## The double dice problem

This notebook demonstrates a way of doing simple Bayesian updates using the table method, with a Pandas DataFrame as the table.

Copyright 2018 Allen Downey

MIT License: https://opensource.org/licenses/MIT


In [1]:
# Configure Jupyter so figures appear in the notebook
%matplotlib inline

# Configure Jupyter to display the assigned value after an assignment
%config InteractiveShell.ast_node_interactivity='last_expr_or_assign'

import numpy as np
import pandas as pd

### The BayesTable class

Here's the class that represents a Bayesian table.

In [2]:
class BayesTable(pd.DataFrame):
    def __init__(self, hypo, prior=1):
        columns = ['hypo', 'prior', 'likelihood', 'unnorm', 'posterior']
        super().__init__(columns=columns)
        self.hypo = hypo
        self.prior = prior
    
    def mult(self):
        self.unnorm = self.prior * self.likelihood
        
    def norm(self):
        nc = np.sum(self.unnorm)
        self.posterior = self.unnorm / nc
        return nc
    
    def update(self):
        self.mult()
        return self.norm()
    
    def reset(self):
        return BayesTable(self.hypo, self.posterior)

### The double dice problem

Suppose I have a box that contains one each of 4-sided, 6-sided, 8-sided, and 12-sided dice.  I choose a die at random, and roll it twice
without letting you see the die or the outcome.  I report that I got
the same outcome on both rolls.

1) What is the posterior probability that I rolled each of the dice?


2) If I roll the same die again, what is the probability that I get the same outcome a third time?

Here's a `BayesTable` that represents the four hypothetical dice.

In [3]:
table = BayesTable([4, 6, 8, 12])

Unnamed: 0,hypo,prior,likelihood,unnorm,posterior
0,4,1,,,
1,6,1,,,
2,8,1,,,
3,12,1,,,


Since we didn't specify prior probabilities, the default value is equal priors for all hypotheses.

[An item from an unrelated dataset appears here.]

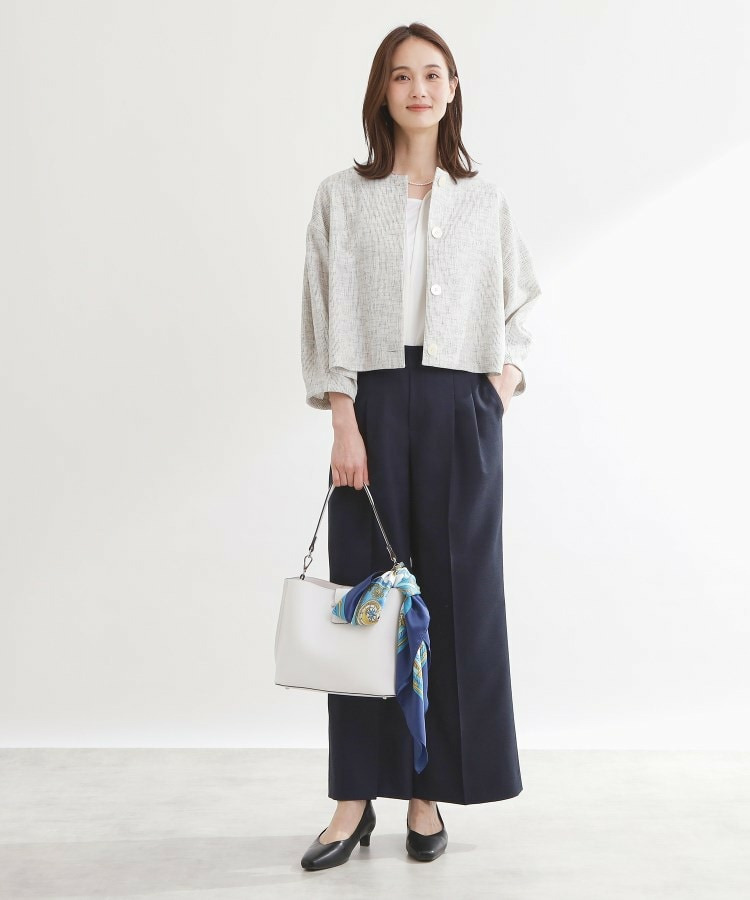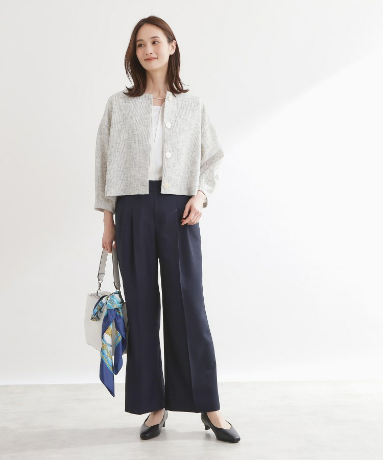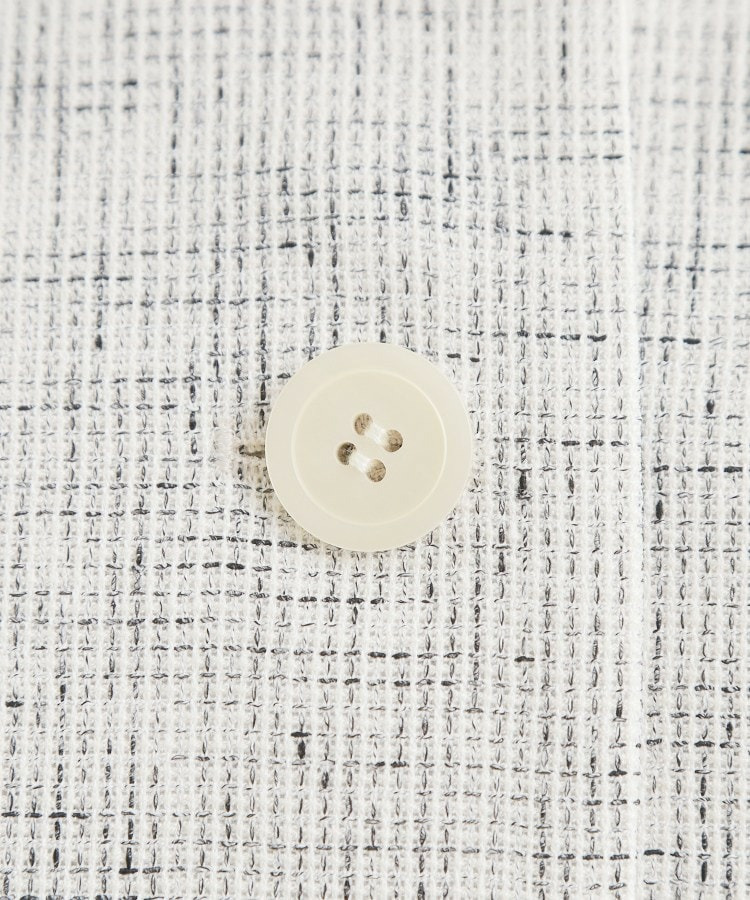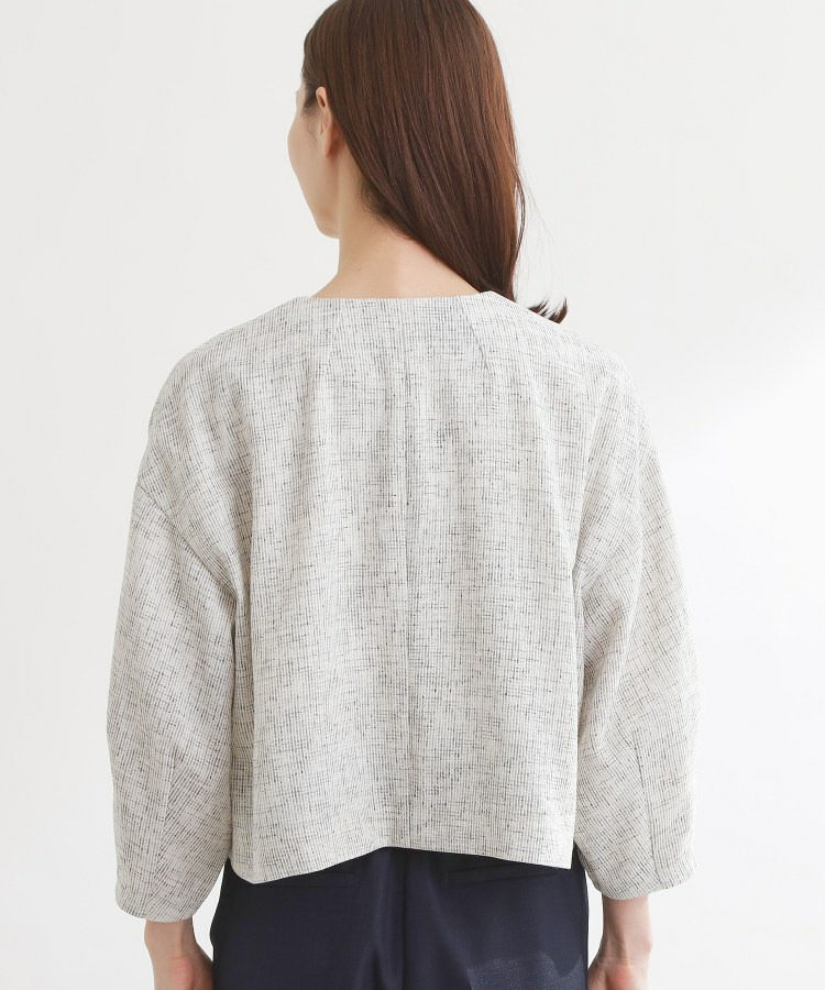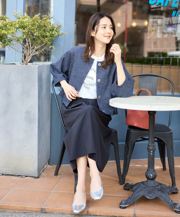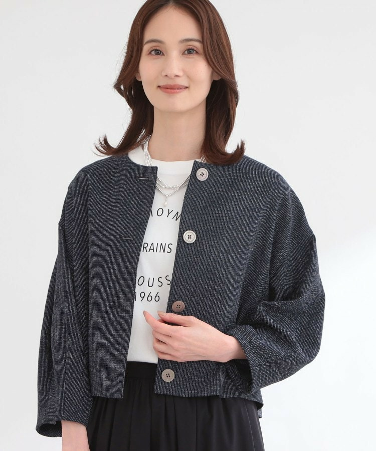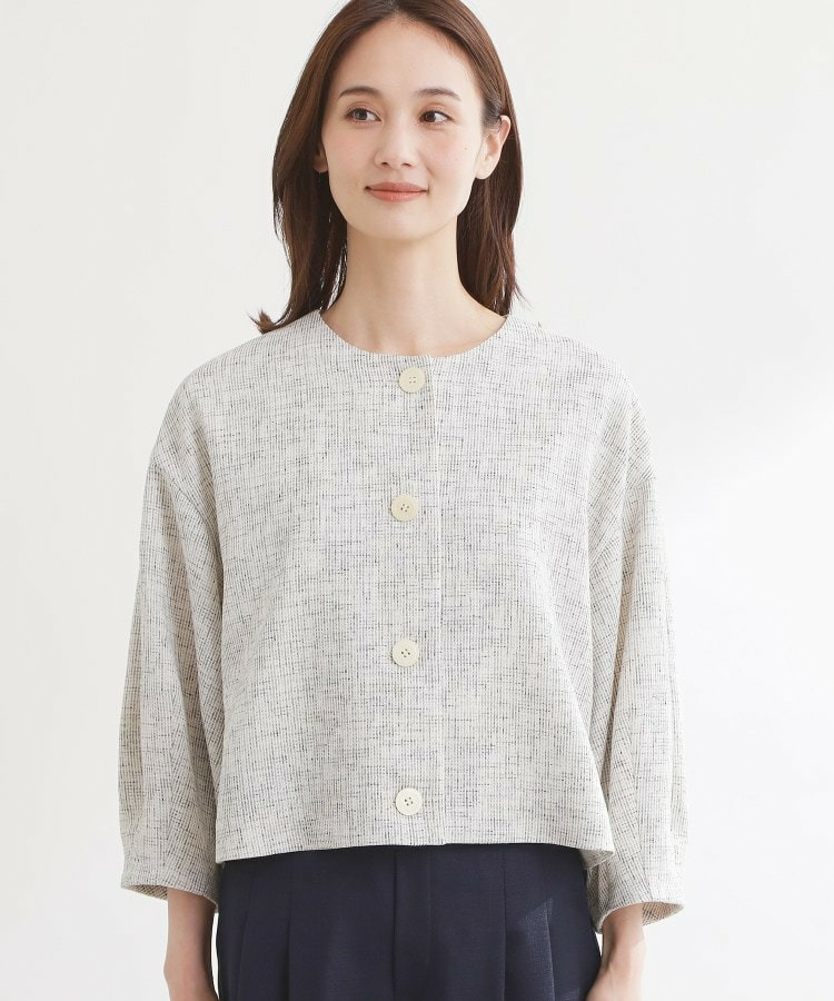 大きめサイズのボタンと短めの着丈が軽やかな印象のコンパクトなノーカラージャケット。

Now we can specify the likelihoods: if a die has `n` sides, the chance of getting the same outcome twice is `1/n`.

So the likelihoods are:

In [4]:
table.likelihood = [1/4, 1/6, 1/8, 1/12]
table

Unnamed: 0,hypo,prior,likelihood,unnorm,posterior
0,4,1,0.25,,
1,6,1,0.166667,,
2,8,1,0.125,,
3,12,1,0.083333,,


Now we can use `update` to compute the posterior probabilities:

In [5]:
table.update()
table

Unnamed: 0,hypo,prior,likelihood,unnorm,posterior
0,4,1,0.25,0.25,0.4
1,6,1,0.166667,0.166667,0.266667
2,8,1,0.125,0.125,0.2
3,12,1,0.083333,0.083333,0.133333


The second part of the problem asks for the probability of getting the same outcome a third time, if we roll the same die again.

If the die has `n` sides, the probability of getting the same value again is `1/n`, which happens to be the same as the likelihood function.

To get the total probability of getting the same outcome, we have to add up the conditional probabilities:

```
P(n | data) * P(same outcome | n)
```

The first term is the posterior probability; the second term is `1/n`.

In [6]:
total = 0
for _, row in table.iterrows():
    total += row.posterior / row.hypo
    
total

0.18055555555555555

This calculation is similar to the first step of the update, so we can also compute it by

1) Creating a new table with the posteriors from `table`.

2) Adding the likelihood of getting the same outcome a third time.

3) Computing the normalizing constant.

In [7]:
table2 = table.reset()
table2.likelihood = [1/4, 1/6, 1/8, 1/12]
table2

Unnamed: 0,hypo,prior,likelihood,unnorm,posterior
0,4,0.4,0.25,,
1,6,0.266667,0.166667,,
2,8,0.2,0.125,,
3,12,0.133333,0.083333,,


In [8]:
table2.update()

0.18055555555555552

In [9]:
table2

Unnamed: 0,hypo,prior,likelihood,unnorm,posterior
0,4,0.4,0.25,0.1,0.553846
1,6,0.266667,0.166667,0.044444,0.246154
2,8,0.2,0.125,0.025,0.138462
3,12,0.133333,0.083333,0.011111,0.061538


This result is the same as the posterior after seeing the same outcome three times.

This example demonstrates a general truth: if you see an event and perform an update, the normalizing constant is the predictive prior probability of the event.